Zyklon · Aug 20, 2015, 3:14 PM

here another test I did

if i change the openVPN DNS to 8.8.8.8 (google public dns) I can access the internet, but It wont resolve my internal hostnames

So how can I fix the resolving that goes thru the local firewall DNS IP so I can access both

the local IP wont resolve anything from the OPenVPN, but works if Im inside its network

Zyklon · Aug 20, 2015, 3:21 PM

well, I think I resolved the problem 8)

I turned on "DNS Query Forwarding Enable Forwarding Mode" under the DNS resolver tab

now i can use the local IP to resolve both the internet and the local servers

will do more tests now to see if it all work

thank you all for the support and helping me out :)

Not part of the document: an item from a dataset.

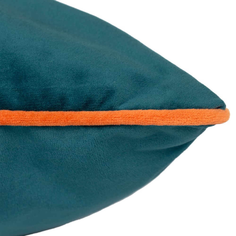 Elevate your living space with the Paoletti Meridian Teal Clementine Velvet Cushion. This generously sized cushion, crafted from sumptuously soft, velvet-feel fabric, effortlessly complements the Meridian range. Its understated design features a plain front and reverse, accented by a contrasting clementine piped edge. The discreet zip closure ensures easy filling and secure closure.

johnpoz · Aug 20, 2015, 5:53 PM

Well if you can not resolve something with using the resolver than you have other issues.. Nobody would work using your resolver on your network, not just vpn users.

I take it you really don't understand what the difference between forwarding and resolver is?

If you want clients to resolve local stuff then they should have 1 dns - the dns that has your local stuff in it. This dns then should either resolve for forward.. When you place multiple dns in a client where some are public and some are local you have no real idea when the client would use 1 vs the other, and depending on what is returned either refused, serv fail or nx can determine if the client asks the other dns in its list. Or if just times out talking to one of them.

This is not a good strategy to count on client asking the correct dns for what its looking for by switching back and forth between them. For one in this scenario you end up asking say google for your local stuff. Which is just waste of time and could be seen as information leak.